TASK PROMPT
For every record that follows, write out the text exactly and omit the picture, if one is present.

DATA RECORDS
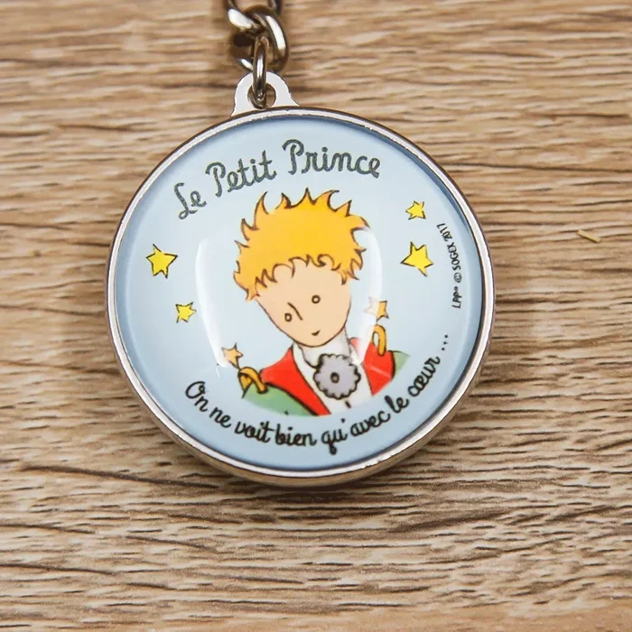 Portachiavi Il Piccolo Principe Azzurro. Il portachiavi ha due facce dove c’è scritto: “Non si vede bene che con il cuore. L’essenziale è invisibile agli occhi.”
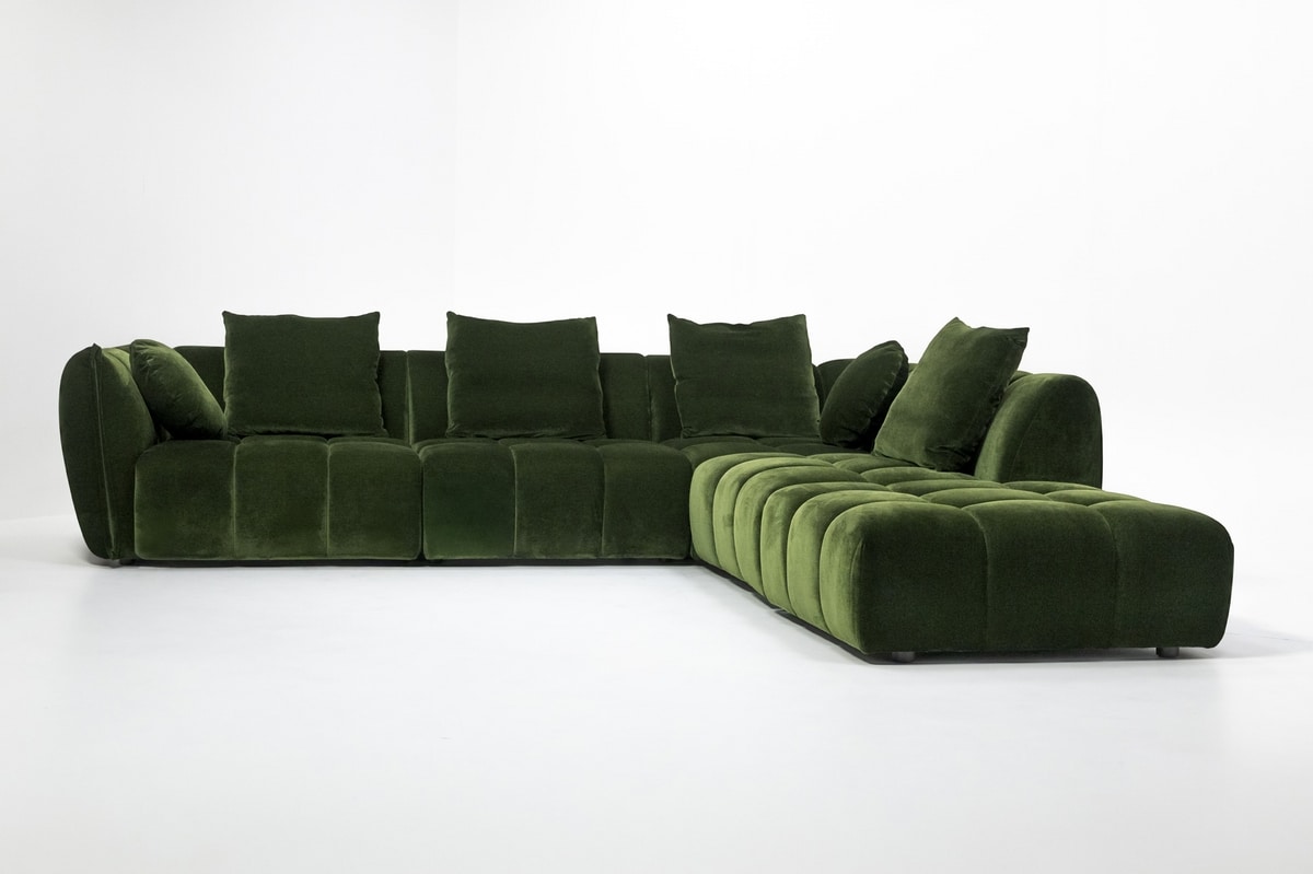Les surfaces matelassées créent une texture tridimensionnelle qui rehausse la lumière, tandis que les larges sièges et les coussins amples assurent un confort au quotidien. Un équilibre parfait entre design, modularité et détente.
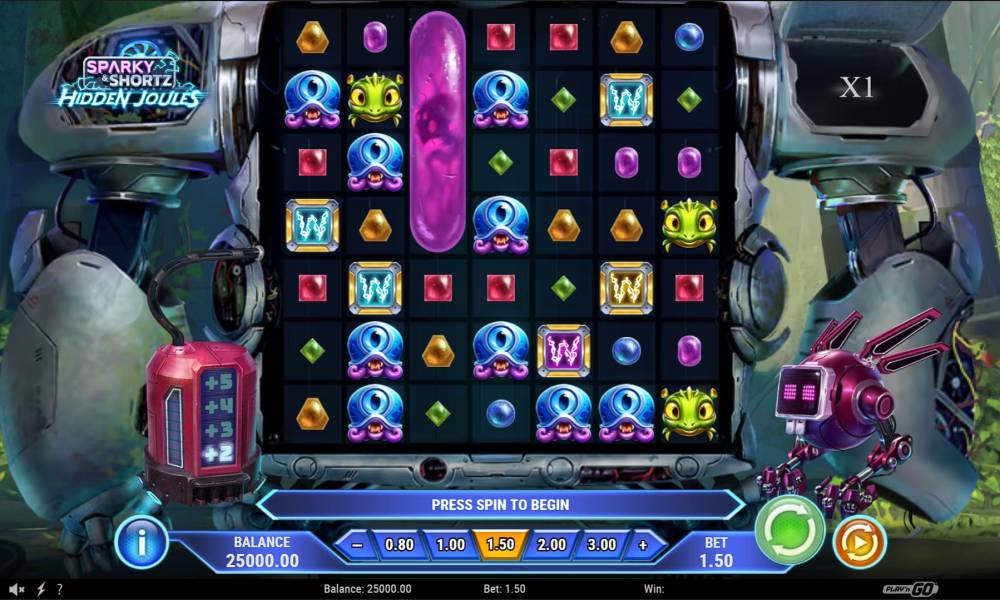 The playing field in Sparky and Shortz Hidden Joules is 7x7, there are no fixed paylines. A cluster scoring system is used from 5 symbols, or 4 if special conditions are met. Maximum winnings are limited to x6000 of the bet in a given round. The online pokie uses 8 regular and 1 special symbol, modified during bonuses. The standard bet from 0.1 to 100 cu.u. can be changed at the casino's discretion. Free spins are not implemented, but the cascading system fully compensates for this, giving out sometimes many combinations in just one spin.
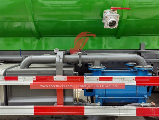CEEC ထရပ်ကားများHowo ညာလက်မောင်း လေဟာနယ်တင်ကားကို WEILONG သို့မဟုတ် အီတလီ MORO / BP ဖုန်စုပ်ပန့် တပ်ဆင်ထားပြီး၊ 10CBM သို့မဟုတ် ထို့ထက်ပို၍ ထိထိရောက်ရောက် အလုပ်လုပ်ရန်အတွက် Double Pump ကို အကြံပြုထားသည်။
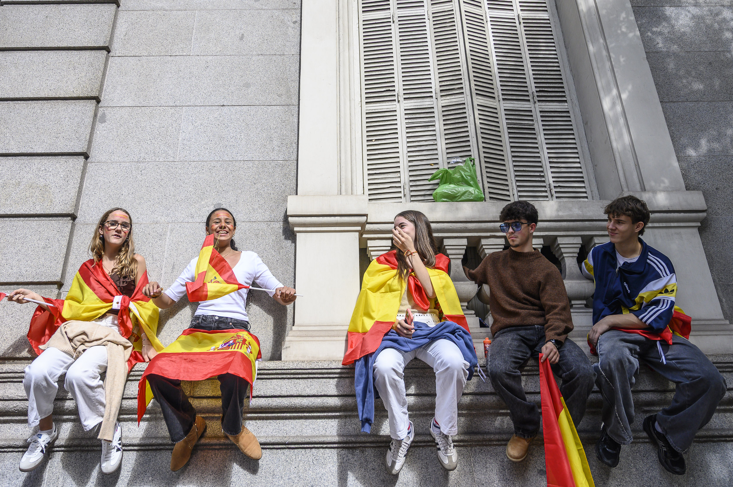 Un grupo de jóvenes viendo el desfile desde la pared de la Casa América.

REPLY
 Portachiavi Il Piccolo Principe Azzurro. Il portachiavi ha due facce dove c’è scritto: “Non si vede bene che con il cuore. L’essenziale è invisibile agli occhi.”
Les surfaces matelassées créent une texture tridimensionnelle qui rehausse la lumière, tandis que les larges sièges et les coussins amples assurent un confort au quotidien. Un équilibre parfait entre design, modularité et détente.
 The playing field in Sparky and Shortz Hidden Joules is 7x7, there are no fixed paylines. A cluster scoring system is used from 5 symbols, or 4 if special conditions are met. Maximum winnings are limited to x6000 of the bet in a given round. The online pokie uses 8 regular and 1 special symbol, modified during bonuses. The standard bet from 0.1 to 100 cu.u. can be changed at the casino's discretion. Free spins are not implemented, but the cascading system fully compensates for this, giving out sometimes many combinations in just one spin.
CEEC ထရပ်ကားများHowo ညာလက်မောင်း လေဟာနယ်တင်ကားကို WEILONG သို့မဟုတ် အီတလီ MORO / BP ဖုန်စုပ်ပန့် တပ်ဆင်ထားပြီး၊ 10CBM သို့မဟုတ် ထို့ထက်ပို၍ ထိထိရောက်ရောက် အလုပ်လုပ်ရန်အတွက် Double Pump ကို အကြံပြုထားသည်။
 Un grupo de jóvenes viendo el desfile desde la pared de la Casa América.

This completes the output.